The resulting mixture was subjected to a dispersion treatment using a Microfluidizer (trade name, manufactured by Microfluidics) at a pressure of 200 MPa for 10 passes to obtain a pigment dispersion (solid concentration: 18.1%, pigment: 9%, polymer: 9%).
To the obtained pigment dispersion, 250 parts of ion-exchanged water was added and stirred, and then the MEK was completely removed at 60° C. under reduced pressure. A portion of the water was further removed to adjust the solids concentration to 20% (pigment: 10%), after which 23.8 parts (corresponding to a crosslinking degree of 13.5 mol%) of an epoxy crosslinker (trimethylolpropane polyglycidyl ether, manufactured by Nagase ChemteX Corporation, product name: Denacol EX-321, epoxy value 140) was added, the mixture was sealed, and heated at 70° C. for 5 hours while stirring with a stirrer to obtain a pigment water dispersion of pigment-containing crosslinked polymer particles (solids concentration: 20%, pigment: 10%, polymer: 10%, average particle size: 94 nm).

Example 1 (Preparation of Water-Based Ink)
50 parts of the pigment water dispersion obtained in Preparation Example II-1, 9 parts of the wax dispersion A obtained in Preparation Example I-1 (wax: 20%), 12 parts of propylene glycol, 12 parts of dipropylene glycol monomethyl ether (manufactured by FUJIFILM Wako Pure Chemical Industries, Ltd.), 0.5 parts of a nonionic surfactant (50% solution of 2,4,7,9-tetramethyl-5-decyne-4,7-diol in propylene glycol, manufactured by Nissin Chemical Industry Co., Ltd., product name: Surfynol 104PG50), and 16.5 parts of ion-exchanged water were added (total 100 parts) to obtain a water-based ink 1 (solid concentration: 12%, pigment: 5%, pigment dispersion polymer: 5.0%, wax: 1.8%, wax dispersion polymer: 0.2%).

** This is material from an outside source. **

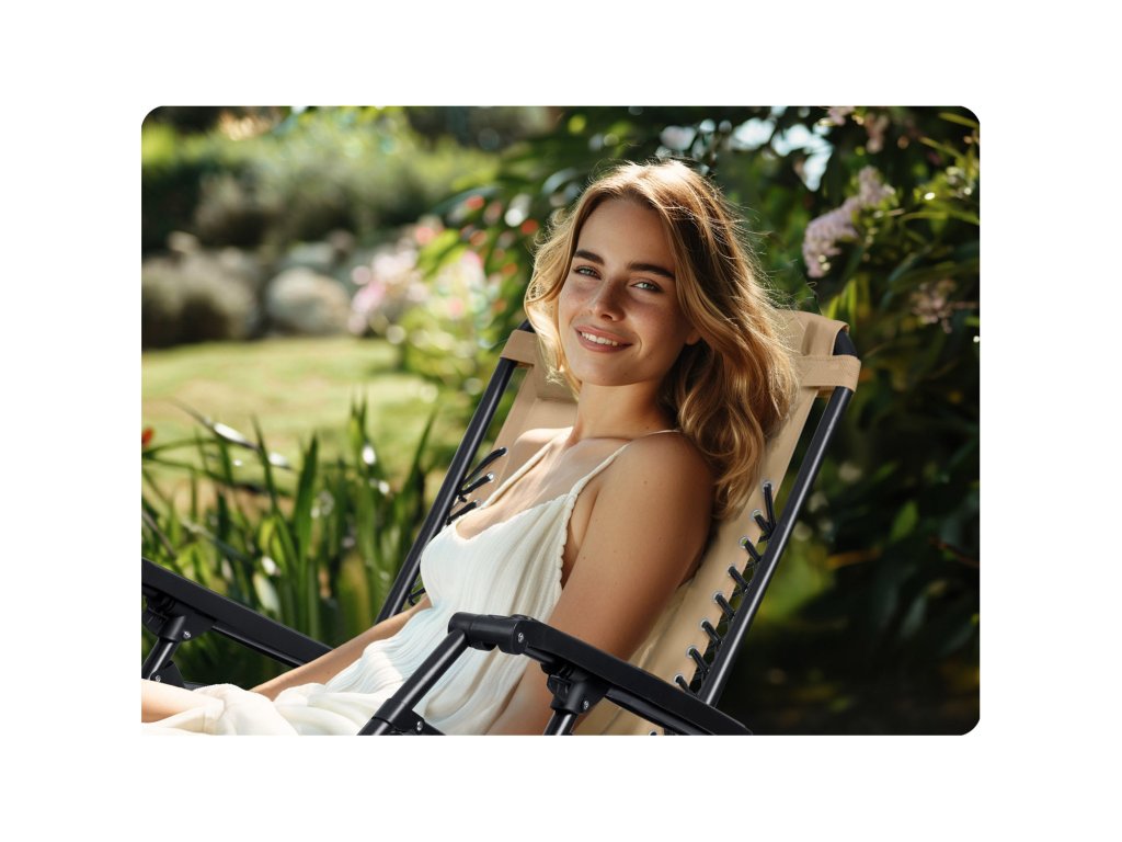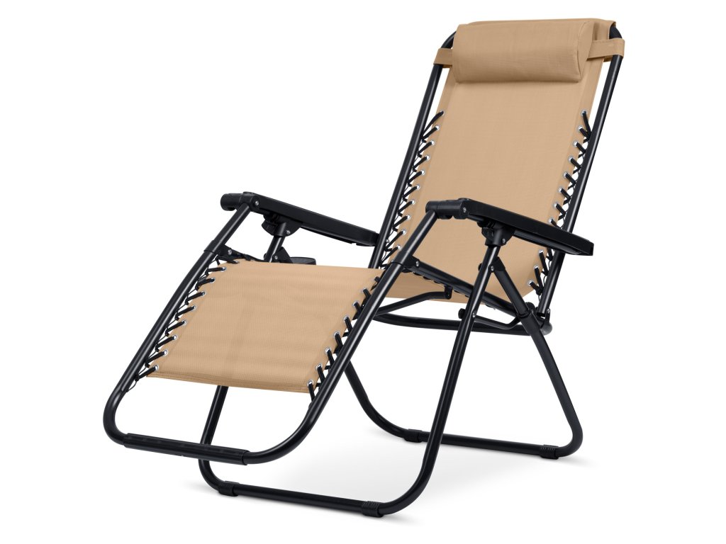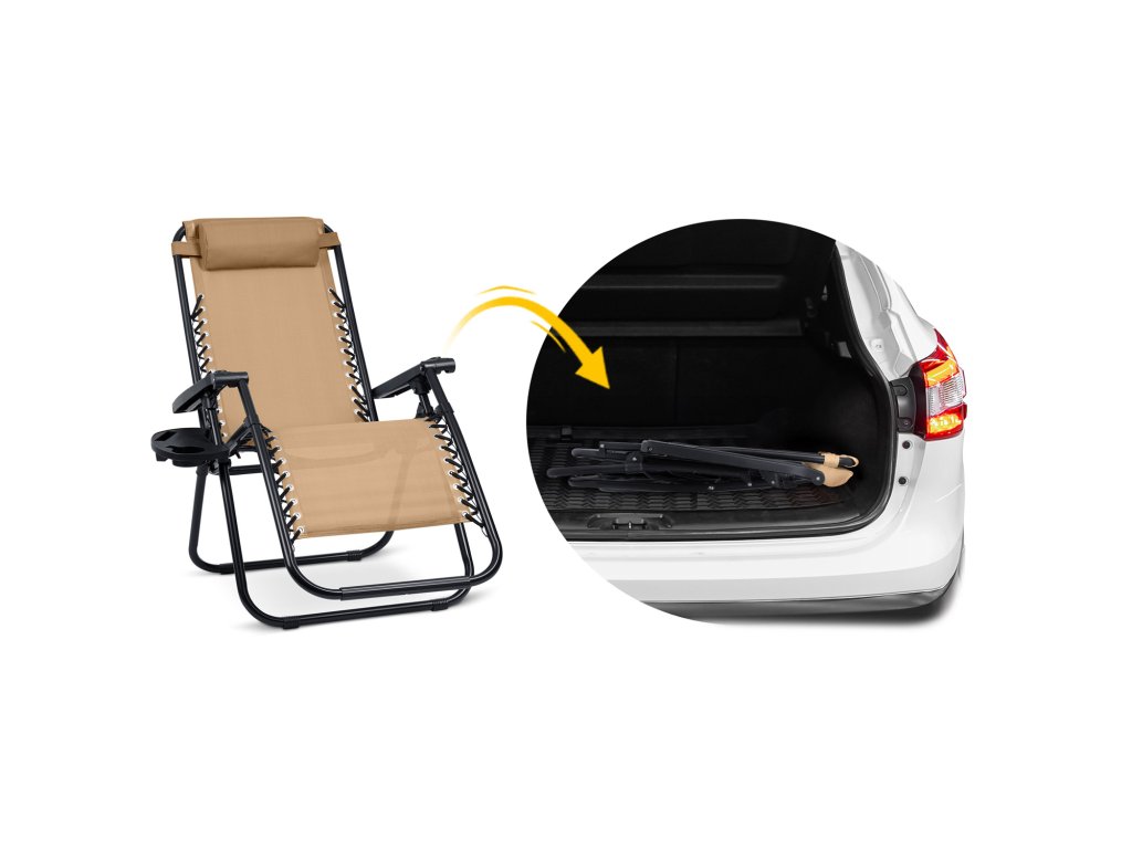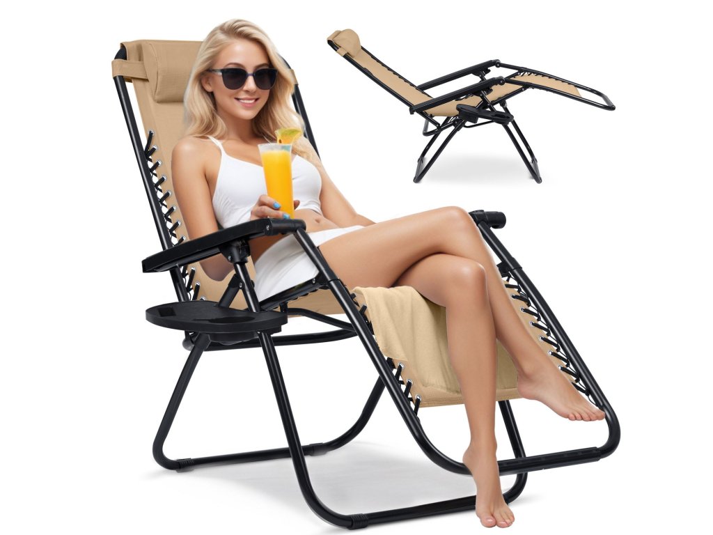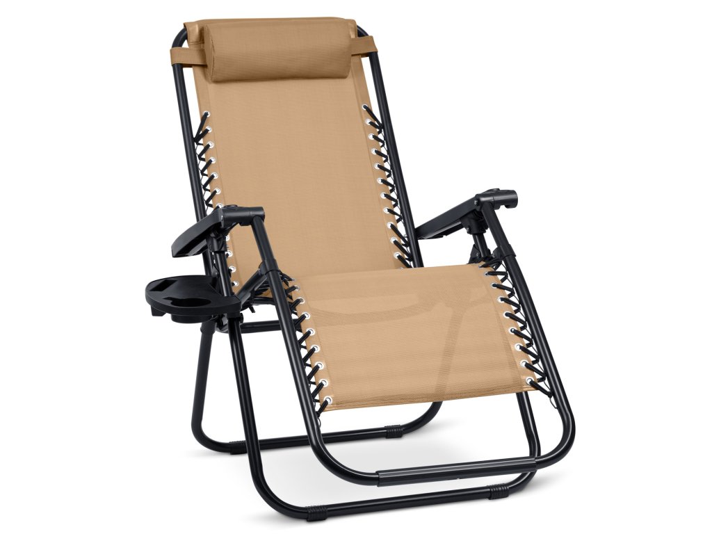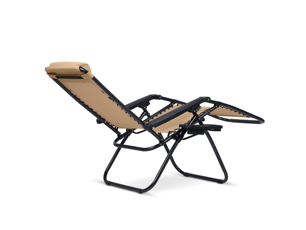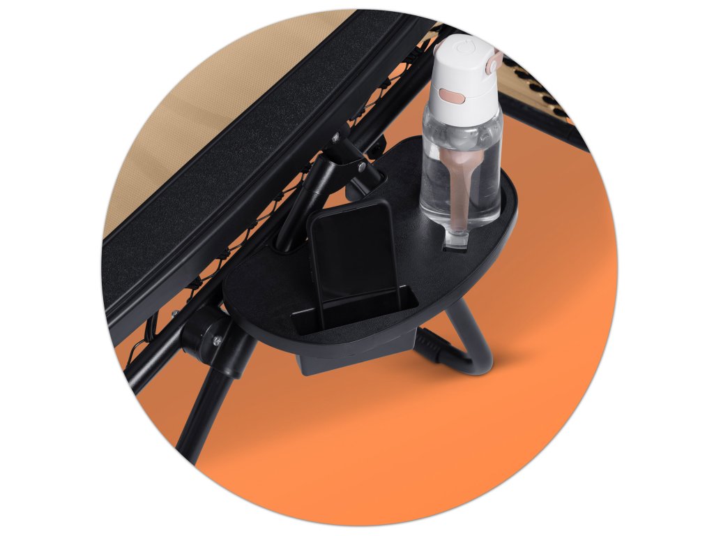 A gravitációs napozóágy párnával és mini asztallal befektetés a mindennapi friss levegőn való pihenés kényelmébe.
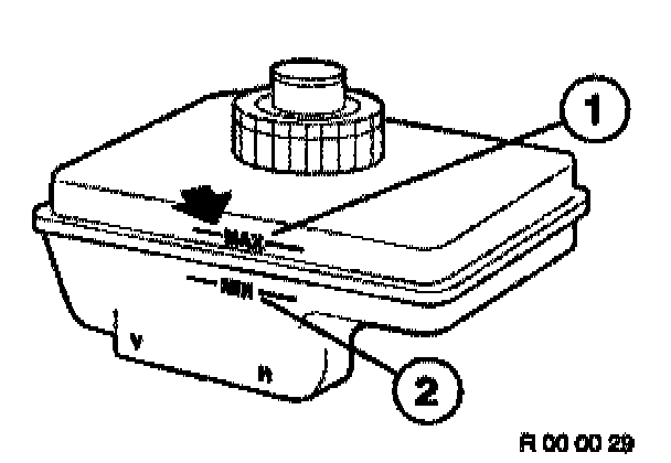 - If the fluid level in the expansion tank has dropped to to min. mark (2), either the brake pads are worn or the brake system is leaking. It is not enough merely to top up the brake fluid. It is absolutely essential to identify what has caused the brake fluid level to drop.

Examples 2 to 8 and Comparative Examples 1 to 4 (Production of Water-Based Inks)
In the same manner as in Example 1, water-based inks 2 to 8 and 21 to 24 were obtained according to the formulations shown in Table 3.

The storage stability, ejection stability, and image robustness of the resulting water-based ink were evaluated using the methods described below. The results are shown in Table 3.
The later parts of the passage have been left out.